我有1979年以后所有球员的名单，但是我想要有关所有这些球员的数据。在对球员分组时，我对球员的出场次数不感兴趣。相反，我想知道玩家的表现。为了消除与比赛时间相关的可变性，我将收集36分钟比赛中标准化的数据。例如，如果一个玩家平均每场比赛获得4分12分钟，则该玩家每36分钟平均获得12分。

Below, I have written a function that will collect every player’s performance per 36 minutes. The function collects data one player at a time, so its VERY slow. If you want the data, it can be found on my github (https://github.com/dvatterott/nba_project).

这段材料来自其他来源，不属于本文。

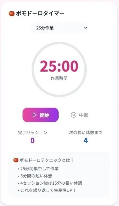 - ✅ ポモドーロ・タイマー

在下面，我编写了一个函数，该函数将每36分钟收集一次每个玩家的表现。该功能一次只能收集一个玩家的数据，因此其速度非常慢。如果需要数据，可以在我的github（ https://github.com/dvatterott/nba_project ）上找到。

1
1

Index([u'PLAYER_ID', u'LEAGUE_ID',   u'TEAM_ID',        u'GP',        u'GS',
             u'MIN',       u'FGM',       u'FGA',    u'FG_PCT',      u'FG3M',
            u'FG3A',   u'FG3_PCT',       u'FTM',       u'FTA',    u'FT_PCT',
            u'OREB',      u'DREB',       u'REB',       u'AST',       u'STL',
             u'BLK',       u'TOV',        u'PF',       u'PTS'],
      dtype='object')
Index([u'PLAYER_ID', u'LEAGUE_ID',   u'TEAM_ID',        u'GP',        u'GS',
             u'MIN',       u'FGM',       u'FGA',    u'FG_PCT',      u'FG3M',
            u'FG3A',   u'FG3_PCT',       u'FTM',       u'FTA',    u'FT_PCT',
            u'OREB',      u'DREB',       u'REB',       u'AST',       u'STL',
             u'BLK',       u'TOV',        u'PF',       u'PTS'],
      dtype='object')

Great! Now we have data that is scaled for 36 minutes of play (per36 data) from every player between 1979 and 2016. Above, I printed out the columns. I don’t want all this data. For instance, I do not care about how many minutes a player played. Also, some of the data is redundant. For instance, if I know a player’s field goal attempts (FGA) and field goal percentage (FG_PCT), I can calculate the number of made field goals (FGM). I removed the data columns that seem redundant. I do this because I do not want redundant data exercising too much influence on the grouping process.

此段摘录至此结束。